[DATA TO USE — start]
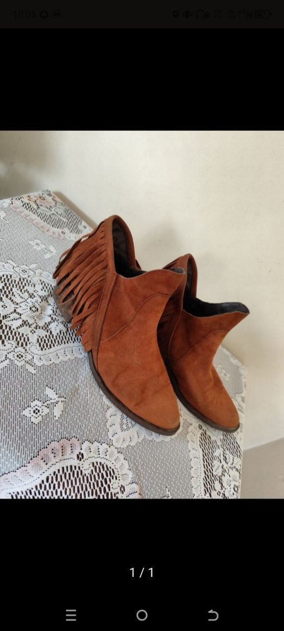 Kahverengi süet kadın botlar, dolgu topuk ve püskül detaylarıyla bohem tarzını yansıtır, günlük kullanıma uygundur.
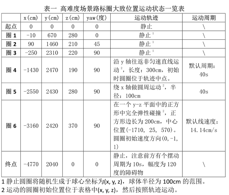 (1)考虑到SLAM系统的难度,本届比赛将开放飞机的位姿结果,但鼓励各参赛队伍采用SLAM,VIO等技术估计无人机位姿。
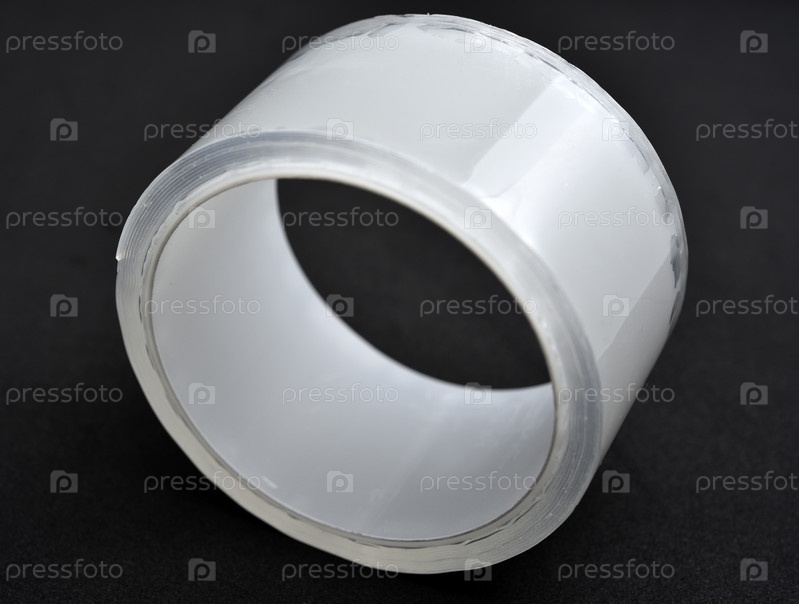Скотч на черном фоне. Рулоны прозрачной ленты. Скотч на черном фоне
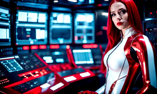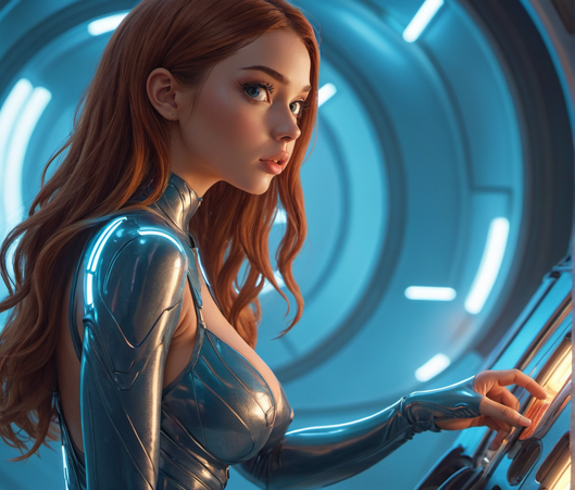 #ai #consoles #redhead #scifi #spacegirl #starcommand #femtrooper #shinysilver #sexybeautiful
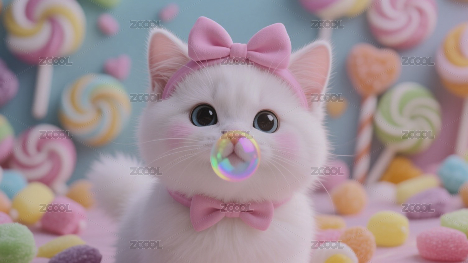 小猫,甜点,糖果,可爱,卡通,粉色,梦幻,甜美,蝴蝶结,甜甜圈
[DATA TO USE — finish]
## EXERCISE INSTRUCTIONS
Reproduce exactly and only the lines from the one with "#ai #consoles #redhead" through the final line of the records above, inclusive. Pictures must be left out.

## EXERCISE RESPONSE
 #ai #consoles #redhead #scifi #spacegirl #starcommand #femtrooper #shinysilver #sexybeautiful
 小猫,甜点,糖果,可爱,卡通,粉色,梦幻,甜美,蝴蝶结,甜甜圈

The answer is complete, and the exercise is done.